The effect of the combined hydrothermal-microwave (HT-MW) pretreatment operating conditions on the oil extraction yield by cold pressing was evaluated, as well as its canolol and tocopherols content. Entire and broken canola seeds were subjected to hydrothermal pretreatment at different temperatures (110°C and 130°C), then they were irradiated in a microwave oven until reaching a moisture content of 6.5% (dry basis), that it is a safe storage moisture and it is adequate for the pressing process. Entire seeds exposed at a HT temperature of 130°C and microwaved for 2.98 min exhibited the best canola oil expression yield (34.9%, d.b) and the highest amount of canolol (533 μg/g oil), maintaining the total tocopherol content invariant with respect to oil from samples subjected to the other pretreatment operating conditions and from untreated seeds. However, individual tocopherol isomers presented different contents when varying pretreatment conditions, showing a differential extraction due to the factors analysed (seeds granulometry/breakage and HT temperature). At the optimum conditions quality as means of acidity, peroxide index and p-Anisidine value were determined. Acidity index slightly increased due to the pretreatment and peroxide index significantly diminished, being both value below the limits preestablished by the Alimentarius Codex. Meanwhile, p-Anisidine value notably increased, slightly affecting TOTOX value.
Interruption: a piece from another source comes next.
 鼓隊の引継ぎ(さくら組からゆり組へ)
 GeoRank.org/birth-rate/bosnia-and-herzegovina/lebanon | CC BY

Canola oil, Canolol, Tocopherols, Expression, Hydrothermal pretreatment, Microwave.
Canola oil is considered one of the most important vegetable oil in the world after palm oil and soybean oil . It ranks third in world production, being the main producers the European Union, China, India and Canada. It is characterized by an oleic acid high content and a high relative content of α-linolenic acid. This, together with a 2:1 ratio between ω-6 (C18: 2 α- linoleic) and ω-3 (C18: 3 linolenic) fatty acids, make canola oil nutritionally attractive.
Also, it is relatively rich in phenolic compounds, tocopherols and phytosterols , which are important for health and oxidative stability of vegetable oils. The high percentage of polyunsaturated fatty acids would make canola oil prone to oxidative deterioration. For this reason, the presence of natural antioxidant substances such as tocopherols, phytosterols and canolol are essential for better in-vitro conservation.
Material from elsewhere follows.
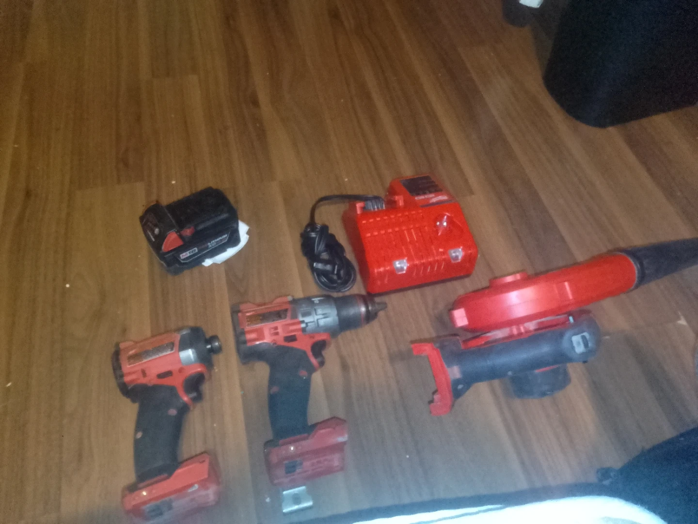 Includes a Milwaukee M18 lithium-ion battery and charger. This cordless drill, impact driver, and blower are ready for your next project. Great for various DIY tasks!
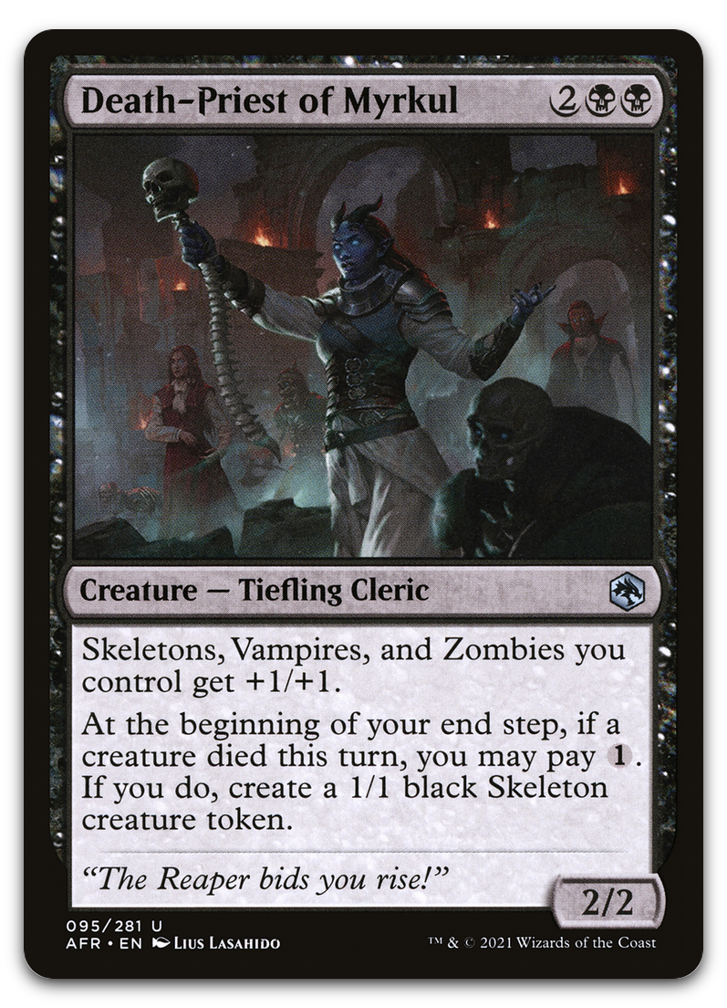 | Card Text | Skeletons, Vampires, and Zombies you control get +1/+1. At the beginning of your end step, if a creature died this turn, you may pay {1}. If you do, create a 1/1 black Skeleton creature token. |

The extraction of vegetable oil is carried out by pressing and/or solvent extraction. Although solvent extraction is more efficient, it presents safety problems, emissions of volatile organic compounds, high operating costs and high temperature product exposures that decrease the final quality of the product . Press extraction is a simpler process which has lower operating costs, less aggressive to the environment and generates chemical-free oil . Due to the lower efficiency of that process, it has been advanced in the application of pretreatments, which modify or break the cellular structure facilitating the oil release and improving the extraction yield [3-5]. Conventional pretreatment includes shelling, size reduction, breakage, shredding, thermal treatments and enzymatic hydrolysis [3,4]. Nowadays emerging technologies are being considered for this purpose, like microwave radiation .
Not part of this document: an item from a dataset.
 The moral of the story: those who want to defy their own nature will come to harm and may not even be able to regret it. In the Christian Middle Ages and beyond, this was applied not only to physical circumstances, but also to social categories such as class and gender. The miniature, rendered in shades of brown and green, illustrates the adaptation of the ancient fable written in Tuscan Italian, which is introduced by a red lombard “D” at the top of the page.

Ghazani, García‐Llatas, and Marangoni  found that the type of process (cold-pressing, hot-pressing or solvent extraction) affected the concentration of unsaturated fatty acids. Coldpressed canola oils had higher linoleic and linolenic acid contents, and much lower oleic acid contents to those extracted by solvent. This implies a better nutritional quality (greater amount of ω-3 fatty acid) but lower oxidative stability.
Some years ago, a synapic acid derivative, commercially known as canolol, has been identified as having high antioxidant activity, antimutagenic and anticarcinogenic properties [7,8]. Koski, et al. , showed that canolol contributes to the better stability of crude canola oils and has lipid antioxidant activity comparable to that of γ-tocopherol. The increase of canolol in canola oil would produce oil with higher nutritional value and shelf life . Although it is not naturally present in rapeseed, canola and other varieties of Brassica, it can be generated by the exposure to high temperatures and consecutive decarboxylation of synapic acid. The temperatures generated during the pressing process , grain roasting  and pretreatments with heat (steam) and microwave , improves the concentration of canolol in the oil. In addition, Wakamatsu  and Spielmeyer  both found no significant differences in the tocopherol content of canola oil from unroasted and roasted raw material. This may be because the canolol acts as an antioxidant protecting the tocopherols from degradation during the heating process.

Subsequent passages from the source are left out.